- [Action item]
From the data below, return only the lines from the one with "Opis: Prodaje se" through the one with "和另外一个同学一起练习,提问", exact and inclusive, with pictures left out.

START Supplied records

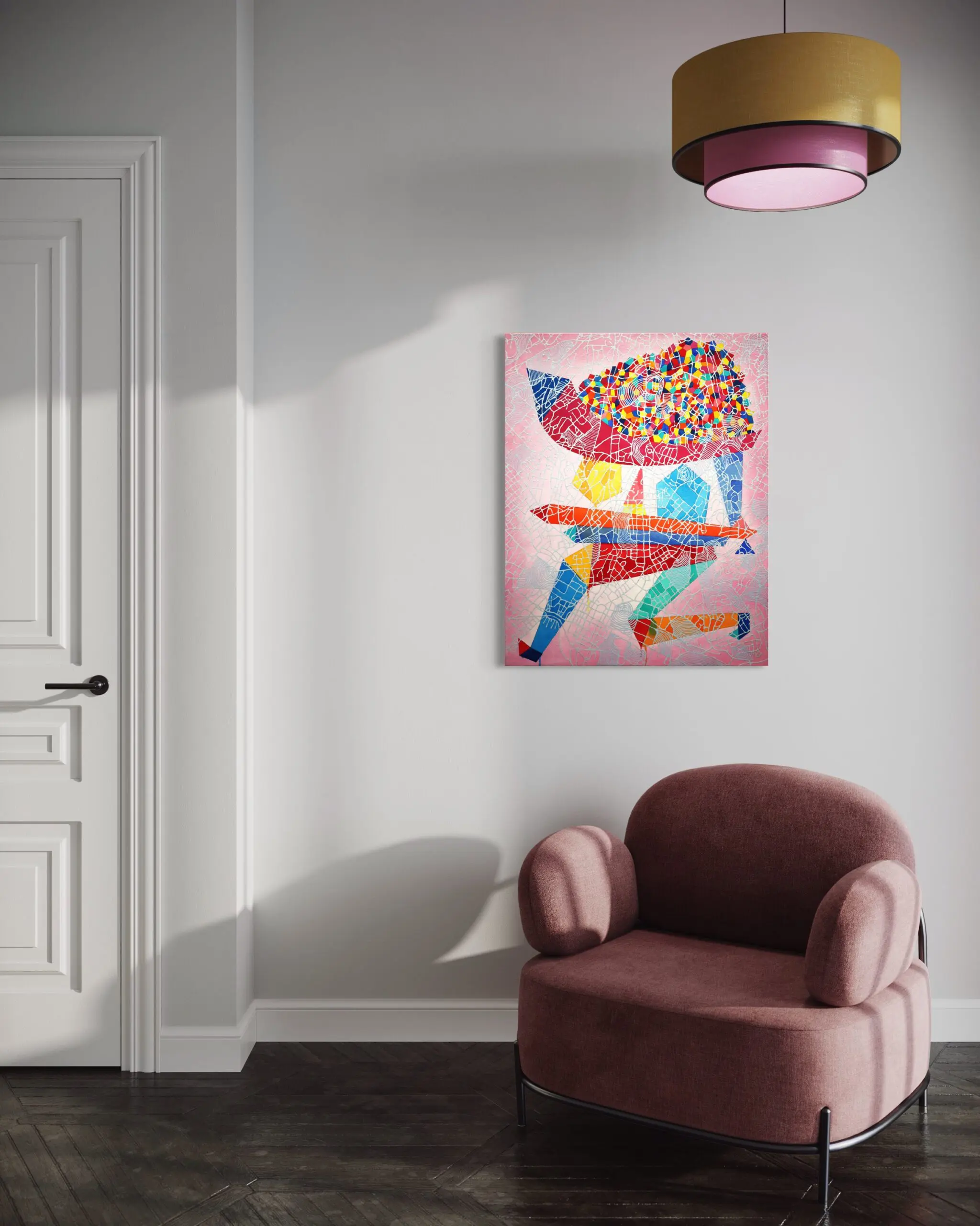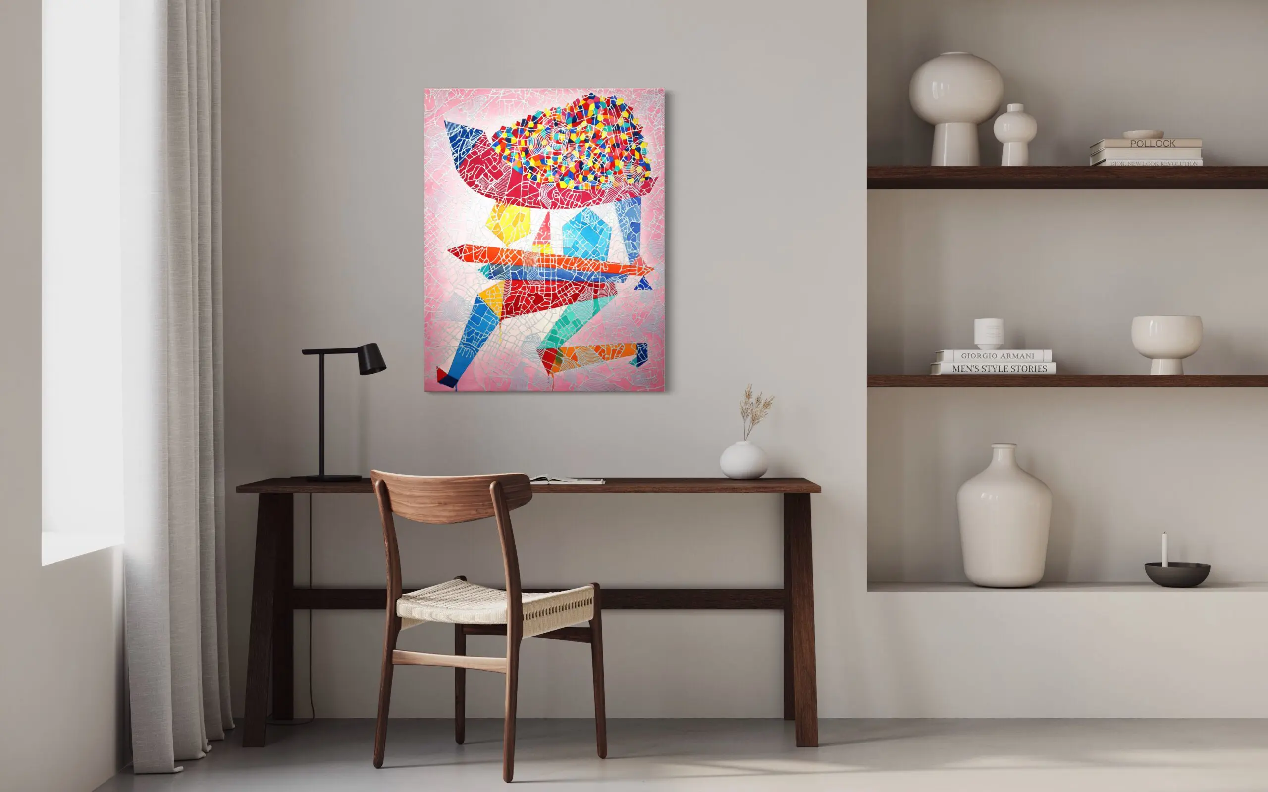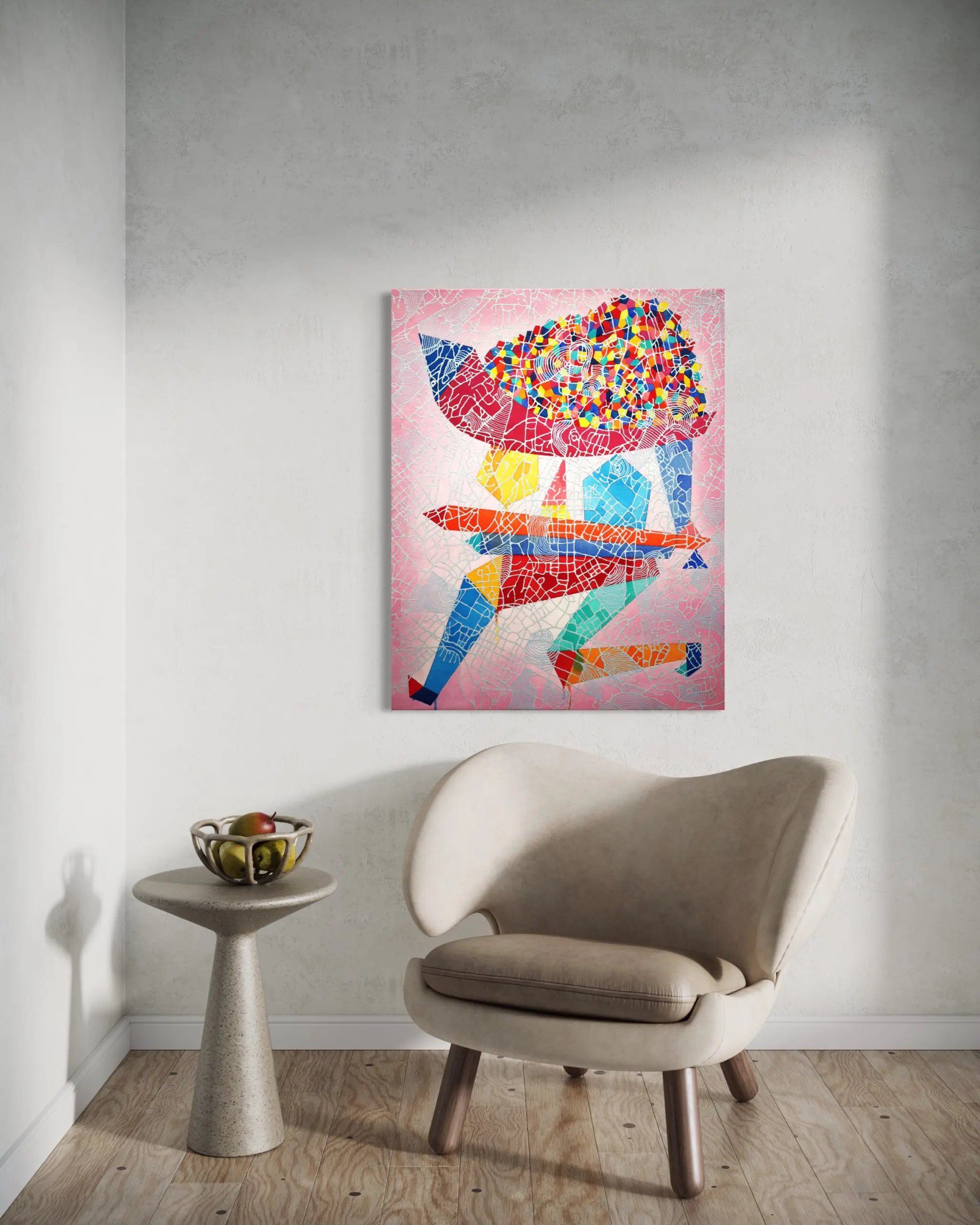 In this artwork, a dynamic geometric figure, comprised entirely of vividly colored shapes, appears to be in a state of animated movement. It simultaneously bears the weight of a substantial cluster of multicolored dots atop what could be interpreted as its head. The artist has intricately woven into the composition a grid reminiscent of a city map, adding another layer of complexity.
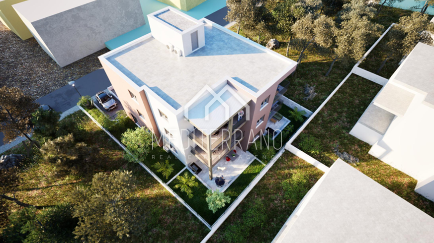 Opis: Prodaje se dvosoban stan na odličnoj lokaciji u šibenskom naselju Vidici. Smješten je na prvom katu manje stambene zgrade i ukupne je stambene površine 57,88 m². Stan se sastoji od ulaznog hodnika, kupaonice, dvije spavaće sobe te kuhinje povezane s blagovaonicom i dnevnim boravkom iz kojeg se izlazi na prostranu, polunatkrivenu terasu površine 10,37 m². Uz stan dolazi i jedno vanjsko parkirno mjesto, što dodatno podiže razinu komfora.
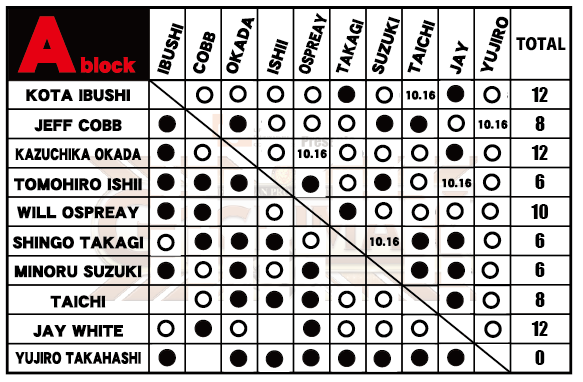 The Updated A Block Brackets Going Into G1 Climax 30 Night 17 via New Japan Pro Wrestling
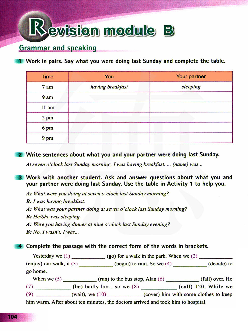 和另外一个同学一起练习,提问并回答上个星期天在做的事情,使用活动1 中的表格来帮助你
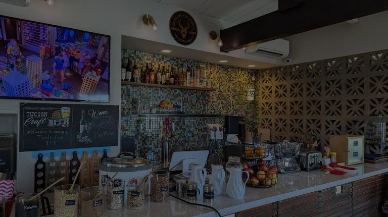 I am glad I got to experience this hotel, and would recommend it to young folks with pets for an easy place to stay on their cross-country roadtrip, but I would have to be convinced to come back. It's not for me now, but I know it would've been in my college era. Starting with the goods: the local flavor is unmatched. There is no doubt that the concept was born from a person who loves Tucson and has built community here. From the murals, to the Tucson-specific named parking spaces, to the variety of stained glass and paintings for sale, the typewriters inviting you to contribute to a ghost story if there had been any paper nearby, to the local finds "vending" machine, it all feels very intentional and I love the showcase of uniqueness. Complimentary laundry was an excellent option, and EV chargers are available by the pinball room! Upon arrival, staff made me feel welcome and check-in was a breeze. I also loved my complimentary first drink of local beer, and the PM staff were just really friendly and seemed like they enjoyed being at the hotel. The rooms are nicely decorated with enough places to sit, and the beds were so comfortable. Heated pool, gallery space with cozy couches, and the bar area in general make it a great place for friend groups and meeting new people, if that's your thing. But the bads: it's kind of impossible feel clean in the room - my bare feet were black after a few minutes of shuffling around to the shower, and the towels are as thin (and small) as paper. The AC unit is incredibly loud when it kicks on. The walls are so thin, I could hear word-by-word conversations of the college students staying on the next room over. There's a LOT of dogs and while owners do their best to get them to the small area in front of the gym/laundry room, there is a prevailing smell of pee and barking while dogs make friends - we were one of the furthest from the dog area and it was still audible. And the AM lobby staff were not so welcoming - they were flustered and pulled in multiple directions the morning we left, in that they were handling everything from coffee refills, oatmeal service, checkout, and guest complaints/evictions. They were trying their best, but the hotel should consider additional staff in the mornings. Water and ice machine were also a lil on the fritz when I and others were trying to fill bottles in the AM and the single lobby staff member had to try to help us troubleshoot too.All in all, I'm not mad that I brought my family to Hotel McCoy. But I unfortunately wouldn't bring them back.

END Supplied records

- [Completed task]
 Opis: Prodaje se dvosoban stan na odličnoj lokaciji u šibenskom naselju Vidici. Smješten je na prvom katu manje stambene zgrade i ukupne je stambene površine 57,88 m². Stan se sastoji od ulaznog hodnika, kupaonice, dvije spavaće sobe te kuhinje povezane s blagovaonicom i dnevnim boravkom iz kojeg se izlazi na prostranu, polunatkrivenu terasu površine 10,37 m². Uz stan dolazi i jedno vanjsko parkirno mjesto, što dodatno podiže razinu komfora.
 The Updated A Block Brackets Going Into G1 Climax 30 Night 17 via New Japan Pro Wrestling
 和另外一个同学一起练习,提问并回答上个星期天在做的事情,使用活动1 中的表格来帮助你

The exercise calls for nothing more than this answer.